How long is it?

I have a measuring wheel. The one I have isn’t the most accurate measuring tool, but it is good for determining approximate distances. The device is fairly simple. there is a wheel that you roll along the ground that turns a digital meter displaying feet traveled by the device. It is useful for ordering fencing materials, planning landscaping, and other measuring tasks. Children are interested in the device. It is fun to measure distances to get the size of objects in your mind. Yesterday, I was talking with some of the children in our church about how long different things are. I used a tape measure to measure the length of my finger and the length of my arm. I pointed out to the children that my 25’ measuring tape would be difficult to use to determine the length of a train car. I have a 100’ measuring tape, which is long enough to measure a 50’ or even a 60’ train car, but the measuring wheel makes the job a bit simpler than laying out the long tape and then having to wind it in.

Surveyors, builders, and others who make accurate measurements of large distances have modern measuring tools such as lasers that help them determine how long various things are.

However, I pointed out to the children, a good measuring tape, a measuring wheel, or even a laser is useless in determining how long certain things are. For example, if I ask, “How long will the sermon be?” no measuring tape will help us determine the answer. For that we need a clock. I had a simple wall clock to illustrate my point. Of course some of the children in the group do not know how to tell time with an analog clock that displays time with hands that rotate around a dial marked with 12 numbers. There is a bit of skill involved in using the device. It isn’t automatic to know that when the minute hand is on the four it indicates 20 minutes - the amount of time often allotted for a sermon in a mainline protestant church. Of course that assumes that the sermon started at the top of the hour, and unlikely scenario.
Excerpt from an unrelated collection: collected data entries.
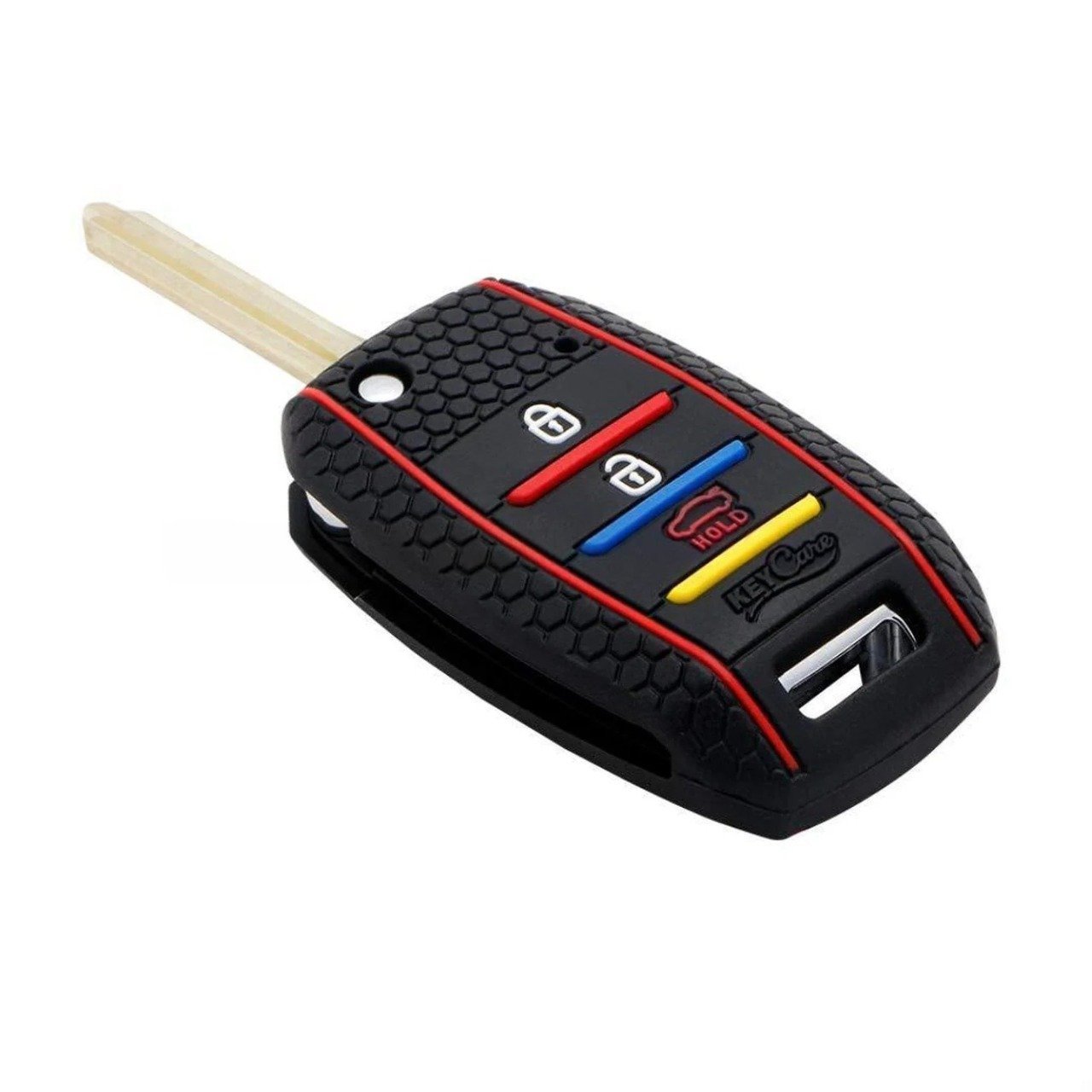 • Custom-fit silicone flip key cover for Kia Seltos (1st GEN) 3-button key • Protects key from scratches, dust, and light impacts • Made from high-quality, flexible silicone for a snug fit • Non-slip texture enhances grip and usability • Precisely cut for full access to all flip key buttons • Easy to install, lightweight, and pocket-friendly design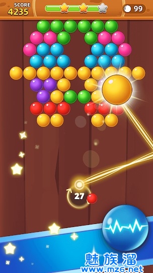 3、轻松的操作体验只需要你松手即可发射,这样可以让相同颜色的气泡进行消除了。非常简单;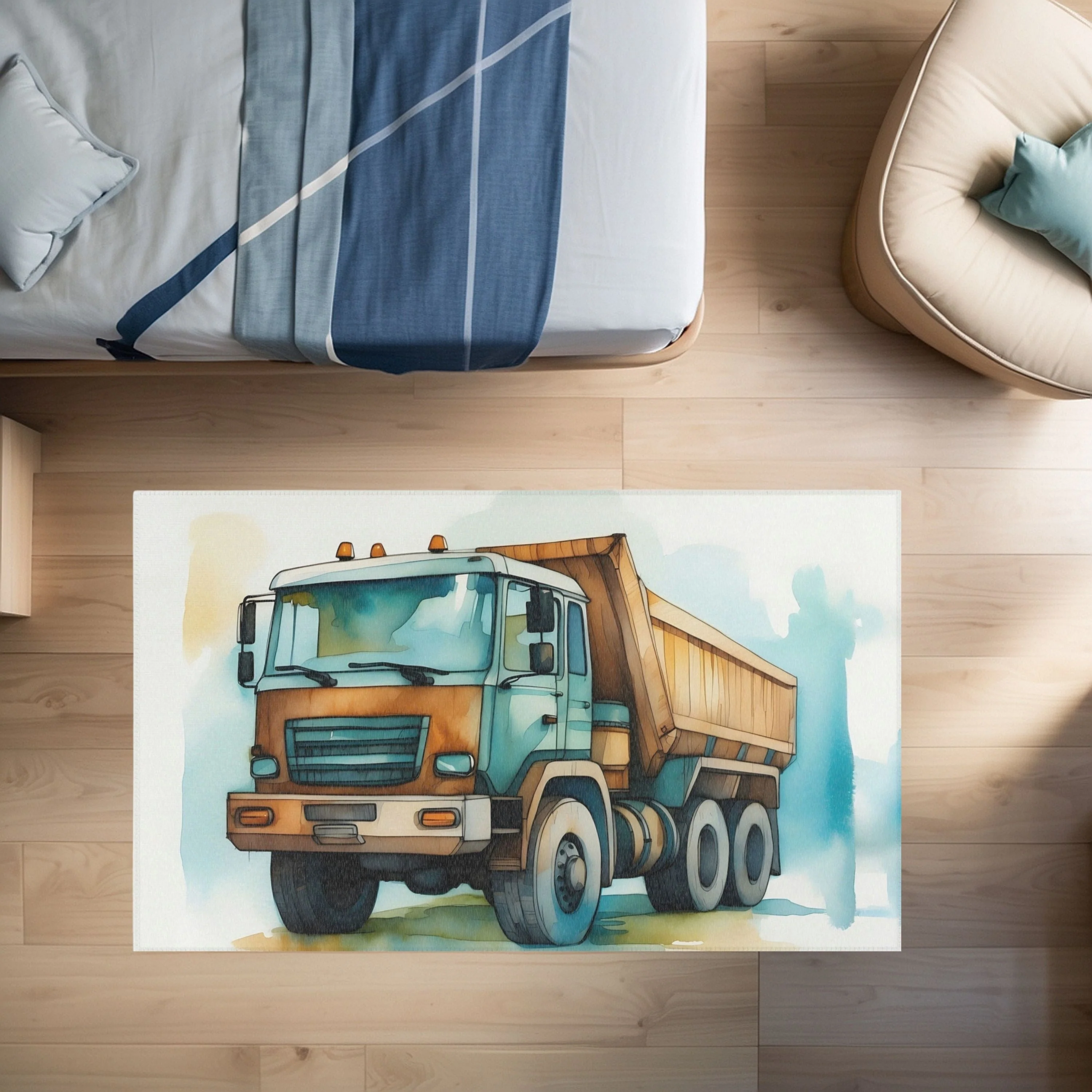 TeepeeJoy Construction Area Rug for Kids and Nursery Rooms - Dump Truck Delight

Even if you have a clock and know how to read it, you don’t have a way of knowing about things that take a very long time. For example the question, “How long until Christmas?” is hard to answer with a clock. I suppose I could make a way to record how often I wind the clock in my study, which has to be wound once a day. It will need to be wound 27 more times before Christmas. But the more conventional way of determining how long in the case of the question about Christmas is with the use of a calendar.

Had I put out the measuring tape, measuring wheel, clock, and calendar and asked an adult, “What do these things have in common?” I wonder how many would come up with the answer, “Each measures ‘how long?’”

I use a lot of object lessons when sharing time with children in worship these days. I suppose object lessons have often been a staple in children’s sermons, but the growth of hybrid worship during the pandemic has heightened my awareness of the need for items with strong visual images when addressing children in the room while at the same time addressing children online. I often remember the pioneering television work of Fred Rogers when planning the time with children for our worship services. For 31 seasons, Mr. Rogers’ Neighborhood was a staple of children’s television programming and the use of puppets combined with live actors created stories that were engaging for children of a wide age range. Mr. Rogers, however, did not work with a live studio audience. He was able to plan his programs exclusively for a television audience. That meant that video could be edited and a finished product produced from multiple takes of a particular scene or story. The time with children in our church is a bit more complex. We only get one shot and it needs to appeal to children who are in person in the room as well as those who are participating online through livestream. It also will be watched as a recording at a later time by some of the children.

And every experienced children’s pastor knows that the time with children is a critical time for communicating with adults as well. It is the one time in the worship service when everyone is paying attention to the presenter. The time with children often has the function of being an introduction to the scripture for adults as well as an engagement of the scripture with children. I am not sure that I appreciated the complexity of the experience when I was serving as a senior pastor and many weeks’ children’s times were led by others. My wife, Susan, is extremely gifted with the art of presenting children’s times to congregations. I have learned a lot by watching her over the years.

Being allowed to lead the time with children several Sundays in a row is a special treat of this phase of my career. There are weeks when it is my only worship responsibility, so I have time to think of that part of the service with careful attention.

When we stop to think of it, we know that not all time passes with equal impact. Ten minutes to get to the gate at the airport doesn’t feel the same as ten minutes of drilling at the dentist’s office. A year is a very long time for a three-year-old. It seems much shorter to his 60-year-old grandpa. The same person that will camp out overnight to wait in line to purchase tickets for a concert will complain about how long it takes a microwave oven to heat up a cup of soup. And we all know that you can’t measure the length of a pastor’s sermon with a tape measure.